Significantly absent from the list in section 7 is the agency administrator who is defined in the act as the executive head of the agency. V.T.C.S. art. 6252-5d, § 3(2). We conclude from this absence first, that the agency's commissioner and deputies or assistants may not decide when the internal auditor's compliance with an operational or a management responsibility would impair the independent review of agency operations and second, that the internal auditor may not consult with those individuals in making that determination.2 The independent auditor may, if he chooses, consult with the entities listed in section 7 of the act in making the determination, but the auditor is not required by that section to do so.3 This construction of the act effectuates the primary purpose of the act: the provision of unbiased reports to the agency's governing board or commission about all agency work, including the work performed by the agency's executive personnel. See V.T.C.S. art. 6252-5d, §§ 2 (purpose is to furnish independent analyses), 4(2) (requirement for audits of administrative systems and controls), 6(6) (requirement for independent reviews of all agency operations); see also Statewide Report on Internal Auditing: A Report to the Legislative Audit Committee 11-12 (internal audit groups should be located outside of the management functions subject to audit so that organizational status enhances independence).
SUMMARY The provisions of the Texas Internal Auditing Act are mandatory. The internal auditor appointed by an agency to carry out the act must be a certified public accountant or certified internal auditor. That auditor shall report directly to the agency's governing board or commission. That auditor is also not required to consult with the executive head of the agency to determine when compliance with a particular responsibility would impair the independent review of agency operations.

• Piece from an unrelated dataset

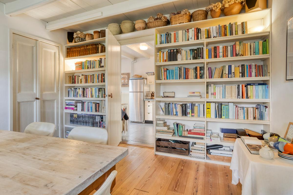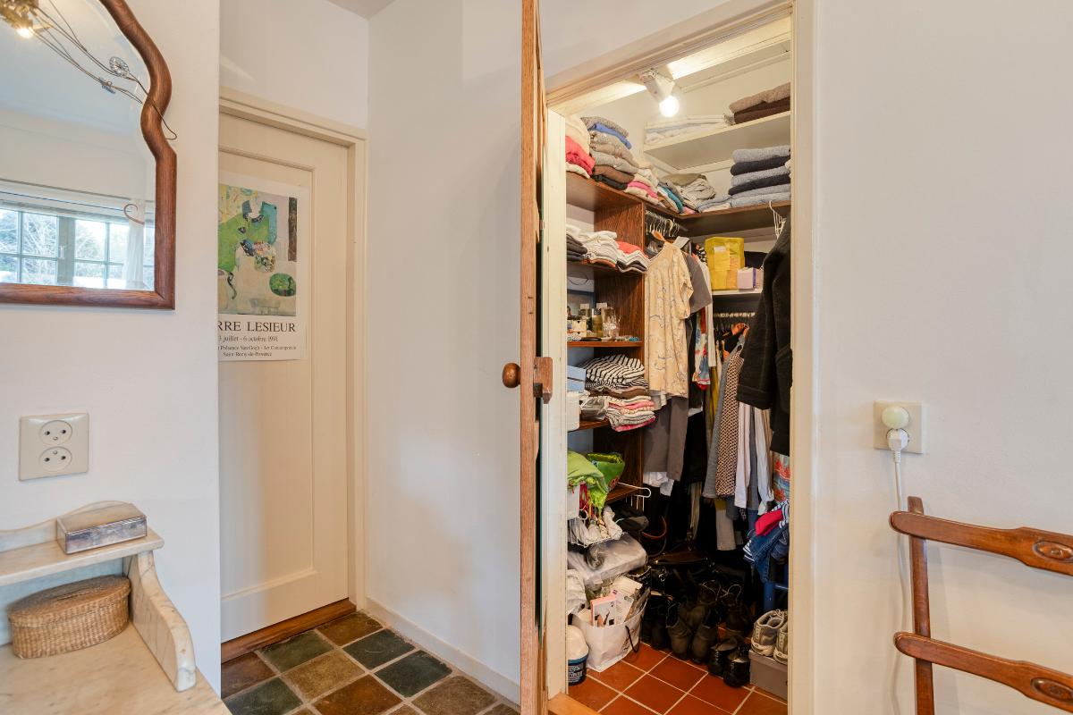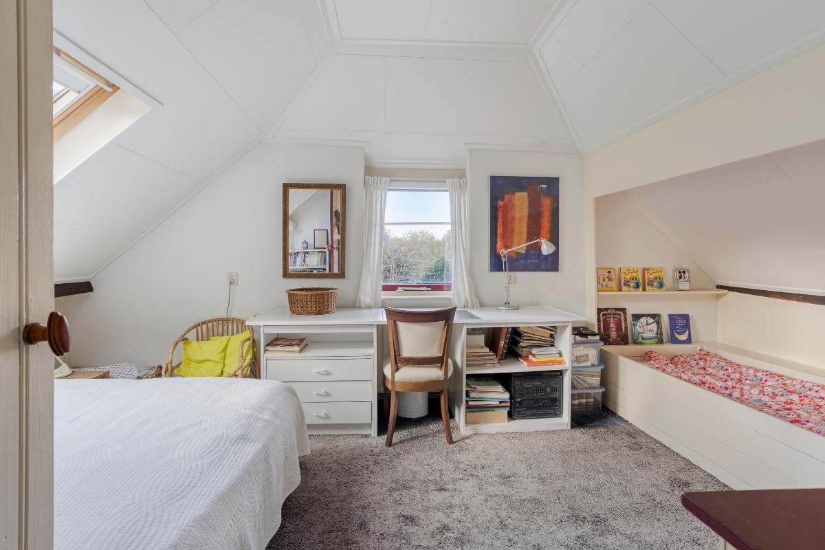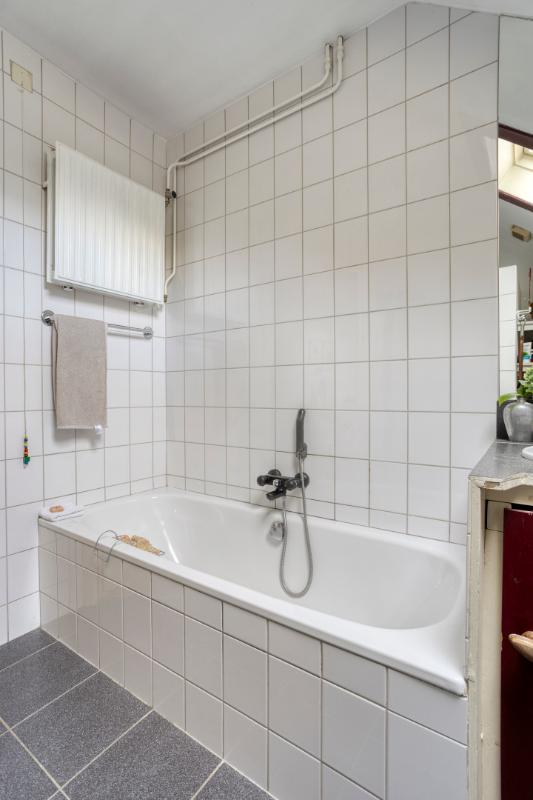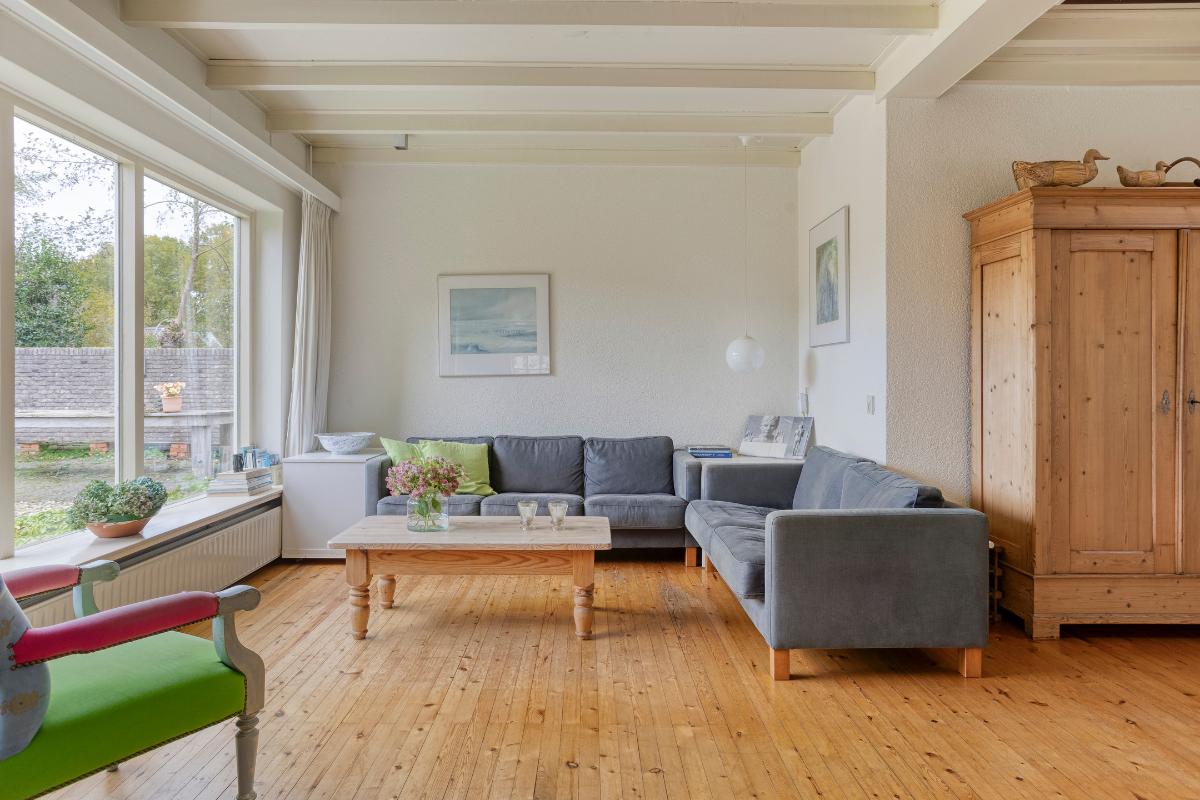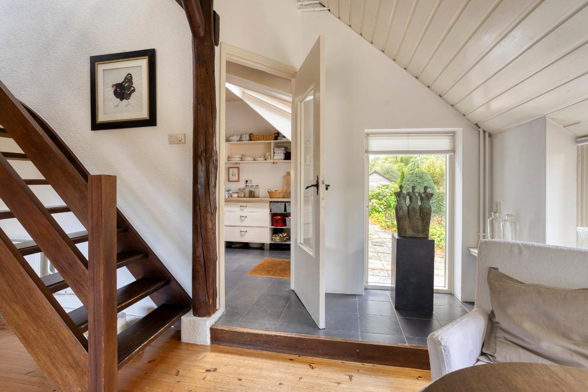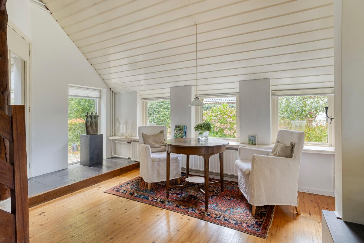 Indeling Begane grond: entree/hal met meterkast, garderobekast en vaste kast. De zeer charmante (voormalige) woonkamer aan de voorzijde is in gebruik als eetkamer. Deze eetkamer heeft een wijnkeldertje, een sfeervolle schouw, een wiemel en een op maat gemaakte boekenkast. Van de voormalige bedstedes is de één verbouwd tot werkhoek en de ander tot voorraadkast met als entree de authentieke/oorspronkelijke bedsteedeuren. Aansluitend bevindt zich de ruime keuken met zijentree en dakraam. De met de hand en op maat gemaakte keukeninrichting is v.v. hard stenen werkblad, diverse houten lades, een gasfornuis met twee ovens, afzuigkap en vaatwasser. De heerlijk lichte en zonnige L-vormige woonkamer ligt aan de achterzijde, is tuingericht en biedt optimale privacy. De woonkamer heeft een open haard, een op maat gemaakte boekenkast, tuindeur en een open trap naar de verdieping. De centraal in de woning gelegen hal v.v. vaste kast en dakraam. Deze hal geeft toegang tot de toiletruimte met hangtoilet en fonteintje, tot de ouderslaapkamer met vaste kasten en tot de geheel betegelde badkamer met ligbad, aparte douche, wastafel en wasmachine aansluiting. De inpandige c.v.ruimte is van buitenaf te bereiken. 1e Verdieping: overloop/videruimte met dakraam, toegang tot zolderruimte boven het voorhuis en tot de twee slaapkamers resp. één met dakkapel, vaste open kast en wastafelmeubel en één met dakraam, vaste bedbank en vaste kast en wastafelmeubel.

Instead, the auditor may make the decision alone or consult with the agency's governing board or commission or certain other entities outside the agency.
Very truly yours,
Jim Mattox Attorney General of Texas
Mary Keller First Assistant Attorney General
Lou McCreary Executive Assistant Attorney General
Judge Zollie Steakley Special Assistant Attorney General
Renea Hicks Special Assistant Attorney General
Rick Gilpin Chairman Opinion Committee
Prepared by Celeste A. Baker Assistant Attorney General
1 You do not pose nor do we address a situation in which a particular personnel standard conflicts with the duties imposed by the act on the internal auditor. Furthermore, if a situation of conflict does arise that concerns an operational or management responsibility described in section 6(6) of the act, the internal auditor may choose to consult with the entities listed in section 7 of the act.
2 The governing board of the Texas Rehabilitation Commission is composed of six members appointed by the governor. Hum.Res. Code § 1111.013. Our conclusion therefore is limited to multi-member boards and commissions composed of appointed members, and we do not address the situation of an agency overseen by a single appointed or elected official or by a board or commission of elected officials.
3 Section 8 of the act suggests that the internal auditor in making this determination may use various professional standards and codes, including the Certified Internal Auditor Code of Professional Ethics and the Standards for the Professional Practice of Internal Auditing.